With thirty minutes to go for the deadline set by our bus conductor I started my walk back to the guest house. At 12:00, having valiantly collected my baggage from our shabby lodgings, I sank back into my window seat, wondering if the remaining leg of the journey was going to be worth my while.
posted: 4.2.05


I had visited Mantrlaya a few years ago and don't have a very pleasent memories of the temple just like you. but i feel some mediators who feel they are the agents of god and religion are giving us all these wrong notions about our religion and customs.

By Anonymous Anonymous, at 7.2.05  

Rightly said [Anonymous]. But theology tends to be difficult for masses to understand. To make matters trickier, reading of scriptures is open to varied interpretations. Hence the need for these mediators and religious institutions.

I wish each one of us could study scriptures and carve our own path. Unfortunately, in the current world order, we inherit religion (just like bad debts) so I am not sure how many of us get to study religions other than what our families practice.

By Blogger Deepak, at 7.2.05  

... tempted to theorize its inverse proportionality to the number of priests.I find your method of writing technically about absolutely non-technical matters most amusing.

Was waiting for part iii. and now for part iv.


p.s. too lazy to login and post a comment. hope you don't mind the anonymous entries. :)

By Anonymous Anonymous, at 7.2.05  

Thanks Avis!

No problems with Anonymous comments, I respect your laziness :-)

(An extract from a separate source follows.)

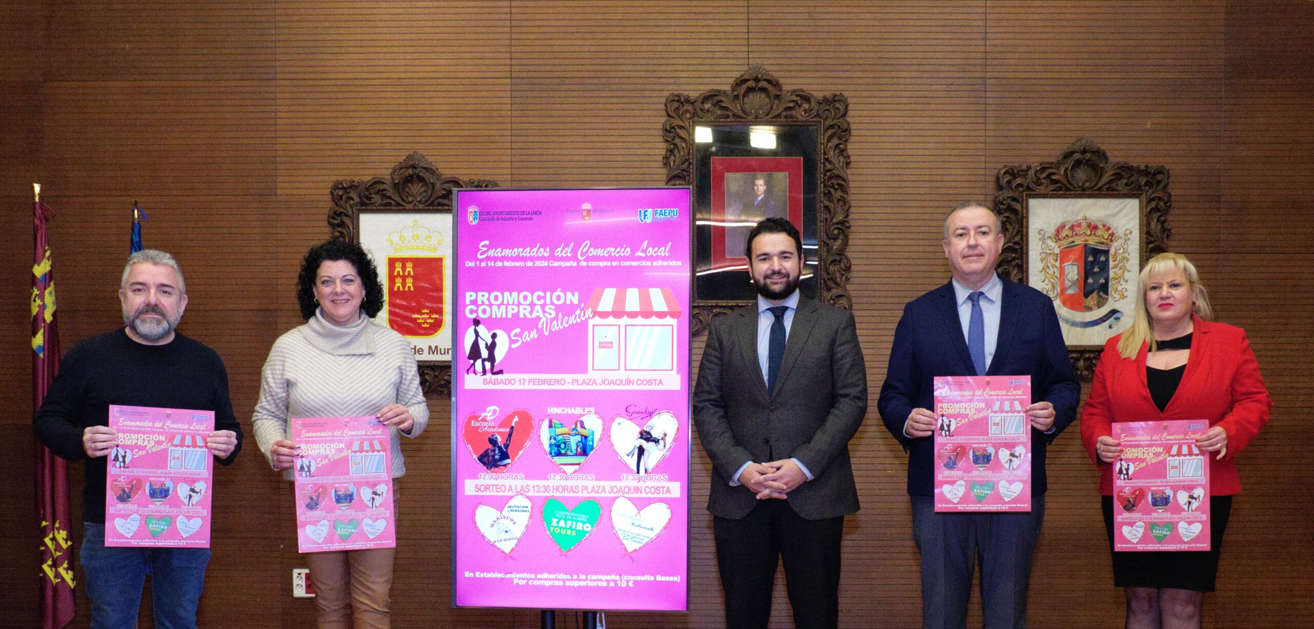 El alcalde presentó hoy, junto con el presidente de la Federación de Asociaciones de Empresarios y Profesionales de La Unión, FAEPU, Carlos Bernabé, la campaña ‘Enamorados del Comercio Local’ que se celebrará del 1 al 14 de febrero para promocionar el apoyo y la dinamización del comercio del municipio. La campaña está organizada por el Ayuntamiento y el Gobierno regional, en colaboración con FAEPU y en ella participan alrededor de 32 comercios del municipio.

By Blogger Deepak, at 7.2.05  

You might have had a somewhat disappointing journey, but you've managed to make a fine story out of it. Well done.

By Blogger Deirdre, at 9.2.05  

Thanks Deirdre! This was the only part of the two day journey that left me a little upset. The remaining part (and I hope I can write about it soon) more than made up for it and left me elated!

By Blogger Deepak, at 9.2.05  

Well, thank goodness for that! A completely depressing holiday would be... well... completely depressing. Lovely photos, as always.

By Blogger Deirdre, at 10.2.05  


Cool Description. I visited the same area circa 1992 on an excursion.

The temple folks wouldnt let anyone with their shirt on, for that matter no upper garments. I refused to take off mine and said I would get a "darshan" with my shirt on and took a stroll along the river while my compatriots went inside devoutly by accepting the restriction.

Not very pleasant trip for me but Jog Falls nearby more than compensated for it.

Nice Blog! Stumbled through Geebaby's blog

By Blogger Paddy, at 12.2.05  

Hey Deepak,
Remember me this seems to be a small world, infact i got your blog from one of my friends Blog site(Rajiv). Am still to develop my Hampi Trip photographs. Post yours as soon as possible you write real good..

By Anonymous samarth, at 16.2.05  

Thanks for dropping by Paddy!

Hey Samarth! Yes I remember you well - you were the only photography enthusiast I came acorss :). I'll start post the pics soon - in a week or so.